- WHAT IS EXPECTED: Return each line of the entries that mentions the word "These".

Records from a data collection

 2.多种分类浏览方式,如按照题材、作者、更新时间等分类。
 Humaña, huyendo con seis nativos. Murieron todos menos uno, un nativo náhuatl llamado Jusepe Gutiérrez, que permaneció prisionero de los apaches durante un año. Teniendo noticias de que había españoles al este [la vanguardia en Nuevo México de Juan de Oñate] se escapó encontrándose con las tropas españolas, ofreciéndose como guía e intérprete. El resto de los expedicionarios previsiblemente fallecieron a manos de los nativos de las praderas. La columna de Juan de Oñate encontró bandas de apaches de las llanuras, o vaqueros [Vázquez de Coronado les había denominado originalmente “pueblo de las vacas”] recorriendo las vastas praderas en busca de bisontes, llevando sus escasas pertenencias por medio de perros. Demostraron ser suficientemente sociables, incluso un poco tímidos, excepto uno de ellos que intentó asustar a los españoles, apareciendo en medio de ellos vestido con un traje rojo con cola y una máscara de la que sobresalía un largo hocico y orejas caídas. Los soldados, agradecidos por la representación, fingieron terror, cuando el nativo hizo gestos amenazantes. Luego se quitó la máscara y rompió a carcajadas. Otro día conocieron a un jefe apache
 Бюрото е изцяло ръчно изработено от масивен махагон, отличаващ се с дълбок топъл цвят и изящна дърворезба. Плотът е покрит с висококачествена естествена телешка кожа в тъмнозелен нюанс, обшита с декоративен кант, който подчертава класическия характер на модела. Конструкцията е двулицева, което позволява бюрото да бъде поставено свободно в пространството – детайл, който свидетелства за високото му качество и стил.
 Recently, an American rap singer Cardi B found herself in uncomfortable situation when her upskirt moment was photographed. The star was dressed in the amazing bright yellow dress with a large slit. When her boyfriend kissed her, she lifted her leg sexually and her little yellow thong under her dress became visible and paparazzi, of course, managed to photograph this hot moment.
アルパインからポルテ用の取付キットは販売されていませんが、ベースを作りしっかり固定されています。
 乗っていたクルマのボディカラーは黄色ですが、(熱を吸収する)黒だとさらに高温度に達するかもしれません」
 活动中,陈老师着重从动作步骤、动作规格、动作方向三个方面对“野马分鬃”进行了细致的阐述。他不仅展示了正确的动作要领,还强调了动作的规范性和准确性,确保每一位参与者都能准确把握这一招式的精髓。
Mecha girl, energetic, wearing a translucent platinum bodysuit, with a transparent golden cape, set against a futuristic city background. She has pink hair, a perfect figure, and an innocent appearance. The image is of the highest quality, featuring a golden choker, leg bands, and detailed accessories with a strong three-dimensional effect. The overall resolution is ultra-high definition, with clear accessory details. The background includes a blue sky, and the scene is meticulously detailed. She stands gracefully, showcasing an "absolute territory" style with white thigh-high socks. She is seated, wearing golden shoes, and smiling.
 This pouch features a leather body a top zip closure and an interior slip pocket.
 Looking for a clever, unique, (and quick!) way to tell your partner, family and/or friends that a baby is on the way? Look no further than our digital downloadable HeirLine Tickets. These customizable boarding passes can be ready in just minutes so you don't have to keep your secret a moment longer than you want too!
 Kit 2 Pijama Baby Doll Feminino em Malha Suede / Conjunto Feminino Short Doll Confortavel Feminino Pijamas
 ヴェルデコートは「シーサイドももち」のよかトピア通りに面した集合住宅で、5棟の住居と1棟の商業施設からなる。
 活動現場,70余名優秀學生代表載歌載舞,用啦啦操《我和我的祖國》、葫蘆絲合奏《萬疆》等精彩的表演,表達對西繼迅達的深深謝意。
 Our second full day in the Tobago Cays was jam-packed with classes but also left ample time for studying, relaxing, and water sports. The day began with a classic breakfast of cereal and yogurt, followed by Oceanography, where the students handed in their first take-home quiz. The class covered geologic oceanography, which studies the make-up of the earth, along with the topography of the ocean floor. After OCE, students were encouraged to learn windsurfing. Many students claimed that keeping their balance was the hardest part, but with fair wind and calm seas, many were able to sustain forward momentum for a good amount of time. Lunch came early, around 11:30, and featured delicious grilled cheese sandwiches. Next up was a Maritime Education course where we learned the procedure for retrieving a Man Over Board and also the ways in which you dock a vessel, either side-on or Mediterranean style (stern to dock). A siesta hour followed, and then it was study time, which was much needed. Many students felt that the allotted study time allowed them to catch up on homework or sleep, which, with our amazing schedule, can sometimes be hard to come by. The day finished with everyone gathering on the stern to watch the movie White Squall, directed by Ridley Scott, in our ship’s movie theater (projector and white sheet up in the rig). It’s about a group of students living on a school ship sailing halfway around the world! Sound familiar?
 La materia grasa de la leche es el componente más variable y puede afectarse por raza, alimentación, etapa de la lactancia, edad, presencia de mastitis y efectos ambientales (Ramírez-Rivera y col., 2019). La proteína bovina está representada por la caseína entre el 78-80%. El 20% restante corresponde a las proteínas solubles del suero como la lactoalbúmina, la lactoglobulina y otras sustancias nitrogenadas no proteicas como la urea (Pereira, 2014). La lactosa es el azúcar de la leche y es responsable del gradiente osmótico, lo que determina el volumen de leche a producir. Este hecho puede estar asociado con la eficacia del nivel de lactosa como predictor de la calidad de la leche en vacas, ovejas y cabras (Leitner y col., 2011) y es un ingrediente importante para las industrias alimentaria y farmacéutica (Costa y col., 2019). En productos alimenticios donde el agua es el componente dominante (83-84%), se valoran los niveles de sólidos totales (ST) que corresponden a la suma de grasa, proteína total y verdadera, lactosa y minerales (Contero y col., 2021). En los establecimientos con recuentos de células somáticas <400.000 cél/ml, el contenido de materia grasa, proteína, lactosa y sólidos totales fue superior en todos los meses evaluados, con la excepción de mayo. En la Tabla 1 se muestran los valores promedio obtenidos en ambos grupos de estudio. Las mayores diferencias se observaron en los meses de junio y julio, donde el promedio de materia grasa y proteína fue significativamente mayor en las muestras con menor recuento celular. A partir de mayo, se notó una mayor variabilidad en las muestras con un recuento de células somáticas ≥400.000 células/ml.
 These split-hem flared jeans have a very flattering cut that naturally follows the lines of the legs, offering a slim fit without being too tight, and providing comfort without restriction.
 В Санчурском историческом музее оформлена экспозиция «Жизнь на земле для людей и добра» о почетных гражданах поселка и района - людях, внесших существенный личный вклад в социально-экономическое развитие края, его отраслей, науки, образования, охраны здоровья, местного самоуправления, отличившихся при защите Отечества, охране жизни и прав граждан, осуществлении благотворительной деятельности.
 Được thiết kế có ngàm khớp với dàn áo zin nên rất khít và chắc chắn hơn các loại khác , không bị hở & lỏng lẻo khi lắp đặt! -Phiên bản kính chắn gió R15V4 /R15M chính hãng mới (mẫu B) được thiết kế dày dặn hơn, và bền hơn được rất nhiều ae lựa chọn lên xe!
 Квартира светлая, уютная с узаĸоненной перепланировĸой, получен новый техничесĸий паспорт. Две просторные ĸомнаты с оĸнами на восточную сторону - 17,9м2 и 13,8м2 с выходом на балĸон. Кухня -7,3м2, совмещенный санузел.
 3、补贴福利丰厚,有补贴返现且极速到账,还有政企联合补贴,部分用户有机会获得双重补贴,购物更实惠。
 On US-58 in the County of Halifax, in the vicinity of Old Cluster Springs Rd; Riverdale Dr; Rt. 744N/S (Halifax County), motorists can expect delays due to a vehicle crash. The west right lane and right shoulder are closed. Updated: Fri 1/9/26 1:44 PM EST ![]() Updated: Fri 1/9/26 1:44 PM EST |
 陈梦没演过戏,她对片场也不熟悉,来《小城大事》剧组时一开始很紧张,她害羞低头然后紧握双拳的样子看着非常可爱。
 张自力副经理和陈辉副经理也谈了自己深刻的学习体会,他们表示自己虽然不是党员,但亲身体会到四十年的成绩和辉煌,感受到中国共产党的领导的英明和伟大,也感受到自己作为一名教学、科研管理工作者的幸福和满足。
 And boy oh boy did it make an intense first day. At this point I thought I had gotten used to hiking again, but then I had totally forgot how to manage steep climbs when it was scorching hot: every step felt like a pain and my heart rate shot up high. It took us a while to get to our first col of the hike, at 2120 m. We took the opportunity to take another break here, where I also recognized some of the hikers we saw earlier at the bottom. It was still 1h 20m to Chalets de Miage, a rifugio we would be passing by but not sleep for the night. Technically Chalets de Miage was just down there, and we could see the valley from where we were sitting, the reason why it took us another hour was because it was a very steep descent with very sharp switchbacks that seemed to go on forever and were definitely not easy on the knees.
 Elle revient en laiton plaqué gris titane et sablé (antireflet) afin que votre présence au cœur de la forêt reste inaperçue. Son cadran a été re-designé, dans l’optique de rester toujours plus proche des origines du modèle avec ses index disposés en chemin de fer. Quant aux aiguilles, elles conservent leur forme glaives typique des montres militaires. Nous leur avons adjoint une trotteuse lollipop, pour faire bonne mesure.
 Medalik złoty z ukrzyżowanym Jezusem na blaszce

- SOLUTION TO THE EXERCISE:
 Looking for a clever, unique, (and quick!) way to tell your partner, family and/or friends that a baby is on the way? Look no further than our digital downloadable HeirLine Tickets. These customizable boarding passes can be ready in just minutes so you don't have to keep your secret a moment longer than you want too!
 These split-hem flared jeans have a very flattering cut that naturally follows the lines of the legs, offering a slim fit without being too tight, and providing comfort without restriction.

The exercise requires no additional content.